The 2016 fiscal year budget proposes a 19 percent minimum tax on future global profits and a one-time 14 percent tax on accumulated overseas profits from U.S. corporations, which the Treasury puts at around $2 trillion.
The proposal would be revenue-neutral in the long term and would generate a one-time $238 billion windfall earmarked for infrastructure spending.
The United States has one of the highest corporate tax rates in the world, and many companies store their earnings overseas as a result. Obama wants to close this loophole and encourage more companies to keep their profits in the United States, and proposes lowering the corporate tax rate to 28 percent.
Republicans have also stated the need for tax reform, but put the figure for a new corporate tax rate at 25 percent, although the disagreement runs much further.
“I think the number is the least important of the issues, what’s built into that number is the harder question,” said Adam Rosenzweig, a tax law professor at Washington University in St. Louis.
Republicans favor a territorial tax regime on corporate profits, which means that companies are only taxed for income they make domestically, and pay the local tax rate for profits made overseas. The tax Obama proposes means that companies would have to pay the U.S. government the difference between what they’re taxed locally and the 19 percent minimum.
Corporate tax reform has been a long source of contention between Republicans and the White House. The president has proposed a global minimum tax on corporate profits as early as 2012, and Rep. Dave Camp (R-Mich.) has made a detailed tax reform based on a territorial model that has stalled in the House.
Corporations are likely to fiercely protest any one-time tax on accumulated foreign profits, which could drive more U.S. companies to “invert” their headquarters overseas to avoid the tax.
“I would think a flurry of potential inversion activities right before that rule came into effect,” Rosenzweig said.

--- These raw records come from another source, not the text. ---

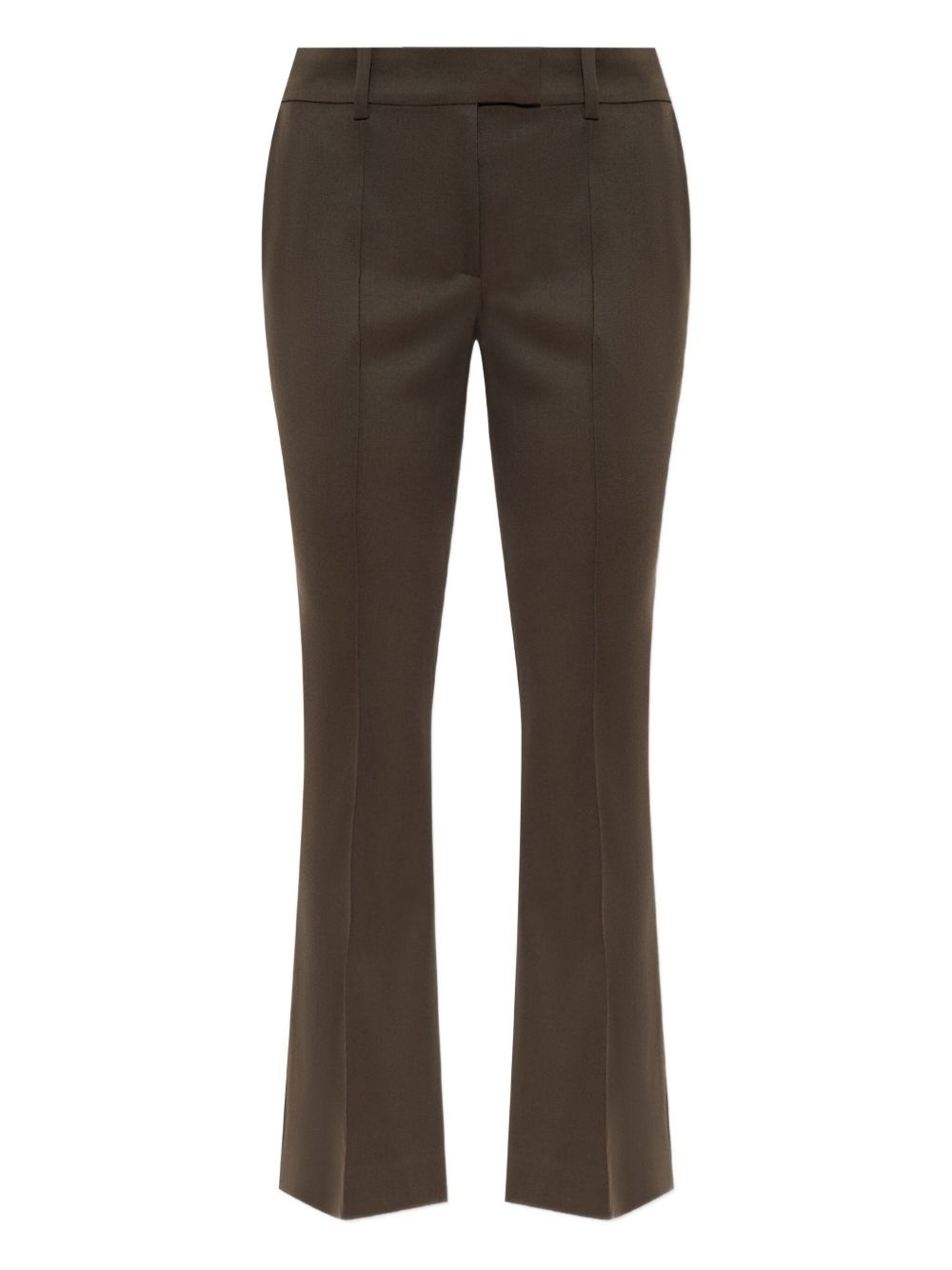 wool trousers Highlights - Dark brown - High waist - Centre-crease detail - Zip fly - Back pocket metal logo Made in Italy Composition Outer: Virgin Wool 98%, Elastane 2% Lining: Viscose 100%
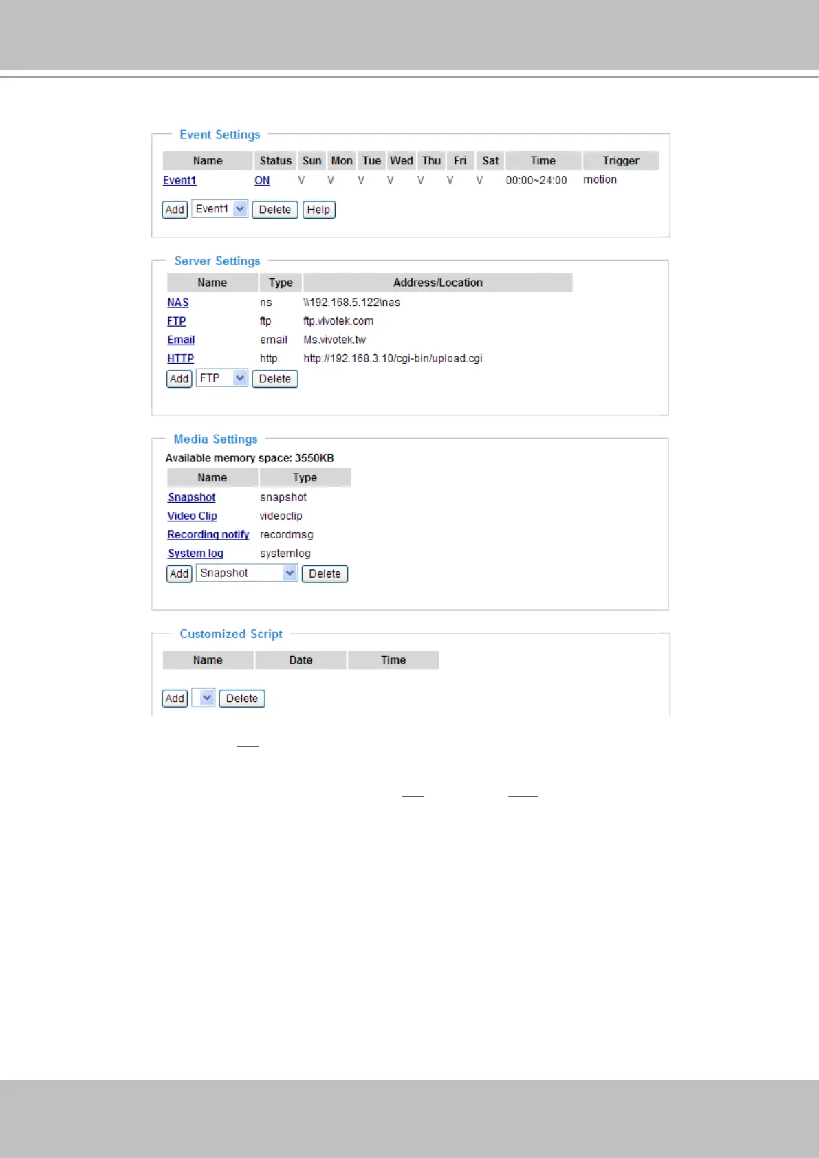 Note that only when the media setting is not being applied to an event setting can it be deleted�
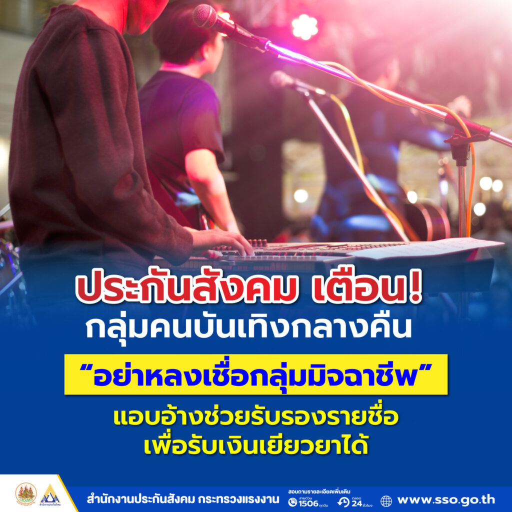 กทม. 23 ธ.ค.- ประกันสังคม เตือนภัย กลุ่มคนบันเทิงกลางคืน “อย่าหลงเชื่อกลุ่มมิจฉาชีพ” แฝงตัวชมรมศิลปินบันเทิงฯ แอบอ้างรับรองเอารายชื่อรับเงินเยียวยา
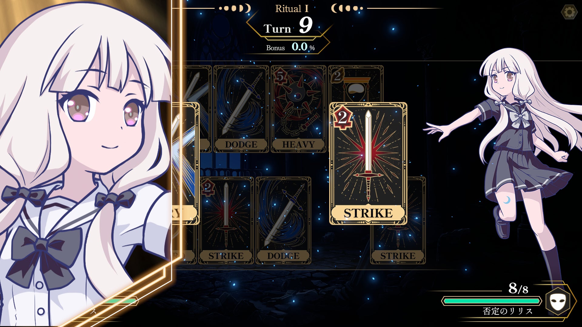 “死にゲー”の戦闘における読み合いの面白さを、ターン制のカードバトルとして再構築。この戦いでは、一撃のダメージがそのまま敗北につながる。パリィ、ガード、回避などお馴染みの行動を駆使して、相手を打ち破った先に待つものは、救いか、それとも―。
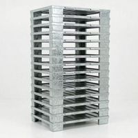 - Heavy Duty Steel Plate Pallets with powder coated or hot dip galvanised finish. Available in standard Europallet size (1200mm x 800mm). Load capacity of 1250kg allows for storage and internal transport of heavy materials. A raised edge of 20mm prevents goods shifting in transit. Pallet stands on 4 stable legs with an insertion height of 100mm.

The Treasury Department instituted new rules to block corporate inversions in September of 2014, but Rosenzweig said that the guidelines can never block inversions completely, and more rules would do more to produce a windfall for lawyers than stop corporations from moving overseas.
“I also believe there’s not a way to stop inversions completely, you just end up with more complicated structures,” Rosenzweig said.
Correction: The article previously misquoted Rosenzweig as saying “I also believe there’s a way to stop inversions completely” when he actually said “I also believe there is not a way to stop inversions completely.”